## Supplement 4: Classification

In [2]:
%matplotlib inline
import numpy as np
import pandas as pd
import sklearn


### 4.1 Programming Task: Gaussian Naive-Bayes Classifier
The Iris dataset, containing measurements of the flower parts obtained from 3 different species of the Iris plant, is provided in the file __iris.csv__. The first four columns of the dataset contain the measurement values representing input features for the model and the last column contains class labels of the plant species: Iris-setosa, Iris-versicolor, and Iris-virginica.
The goal of this task is to implement a Gaussian Naive-Bayes classifier for the Iris dataset.

i\. What are the assumptions on the dataset required for the Gaussian Naive-Bayes model?

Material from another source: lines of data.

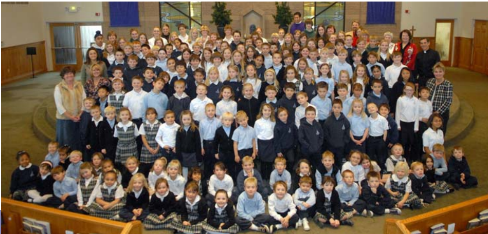
Students and teachers enjoy the annual all-school photo at St. Teresa Church.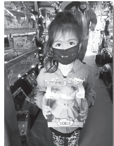
We're so grateful to be able to bring toys this Christmas! This girl loved her new doll!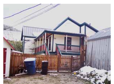
33 KING ROAD Landmark Site Designated Feb. 4, 2009

Sites listed alphabetically by street name then numerically by building number. Only Main Building shown - see individual Historic Site Form for Accessory Buildings and/or Structures on the site. Date HPB designated site to the HSI.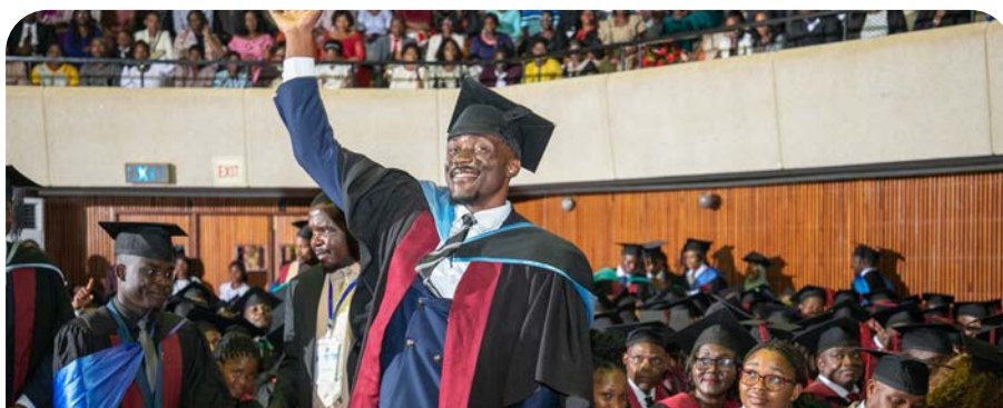
A graduand beams with pride as his name is read aloud during the ceremony.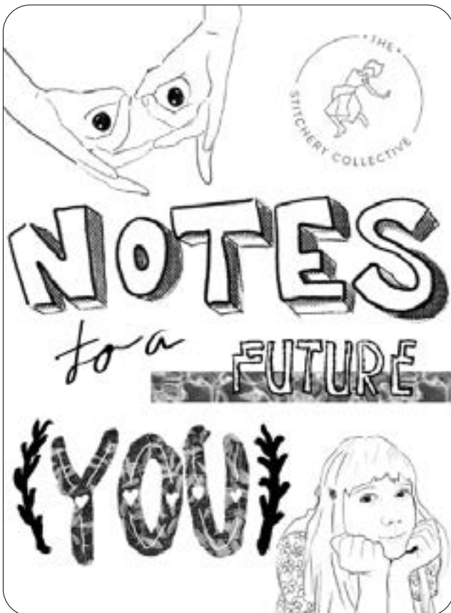
Cover Illustration of Student Workbook developed by The Stitchery Collective for regional schools as part of Digital Artist ZResidency at RMOA, 2022

ii\. Split the dataset into train and test by the 80:20 ratio.


In [13]:
data=pd.read_csv('./iris.csv')

# i. Given the class the features are conditionally independent i.e product(p(x1,x2...xn|y=k)=p(x1|y=k)*....p(xn|y=k)
train_length=int(0.8*len(data))
train_data=data[:train_length]
test_data=data[train_length:]
print(len(data),len(train_data),len(test_data))
def to_numpy(X):
    return X.to_numpy()

x_train,y_train,x_test,y_test=train_data.drop(columns=["Species"]),train_data["Species"],test_data.drop(columns=["Species"]),test_data["Species"]
x_train_np,x_test_np=to_numpy(x_train),to_numpy(x_test)
unique_classes=y_train.unique()
str_to_int={cls:idx+1 for idx,cls in enumerate(unique_classes)}
y_train_int,y_test_int=y_train.map(str_to_int),y_test.map(str_to_int)
y_train_np,y_test_np=to_numpy(y_train_int),to_numpy(y_test_int)
print(np.unique(y_train_np))

150 120 30
[1 2 3]


iii\. Estimate the parameters of the Gaussian Naive-Bayes classifier using the train set.


In [20]:

def mean_var_prior(X,Y):
    classes=np.unique(Y)
    mean,Var,Prior={},{},{}
    for cls in classes:
        X_cls=X[Y==cls]
        mean[cls]=np.mean(X_cls,axis=0)
        Var[cls]=np.cov(X_cls,rowvar=False)
        Prior[cls]=len(X_cls)/len(Y)
    return mean,Var,Prior
    

def multivariate_gaussian(X,mean,cov):
    d=X.shape[-1]
    det=np.linalg.det(cov)
    normalizer=1/(np.power((2*np.pi),float(d/2))*np.power(det,1./2))
    x_mu=X-mean
    inv=np.linalg.inv(cov)
    p_X=normalizer*np.exp(-0.5*(x_mu.T@inv@x_mu))
    return p_X

def predict(X,mean,Var,Prior):
    classes=list(mean.keys())
    predictions=[]
    for x in X:
        class_probs={}
        for cls in classes:
            p_x_given_cls=multivariate_gaussian(x,mean[cls],Var[cls])
            class_probs[cls]=p_x_given_cls*Prior[cls]
        predicted_class=max(class_probs,key=class_probs.get)
        predictions.append(predicted_class)
    return np.array(predictions)


Mean,Var,Prior=mean_var_prior(x_train_np,y_train_np)
predictions=predict(x_train_np,Mean,Var,Prior)
accuracy=np.sum(y_train_np==predictions)/len(y_train_np)
print(accuracy)


0.9916666666666667


iv\. Using the learned parameters, predict the classes for the samples in the test set.


In [21]:

predictions=predict(x_test_np,Mean,Var,Prior)
accuracy=np.sum(y_test_np==predictions)/len(y_test_np)
print(accuracy)


0.9666666666666667


What is the accuracy of the model on the test set?

In [25]:
from sklearn.naive_bayes import GaussianNB
from sklearn.metrics import accuracy_score
model=GaussianNB()
model.fit(x_train_np,y_train_np)
pred=model.predict(x_test_np)
accuracy=accuracy_score(y_test_np,pred)
print(accuracy)



0.9333333333333333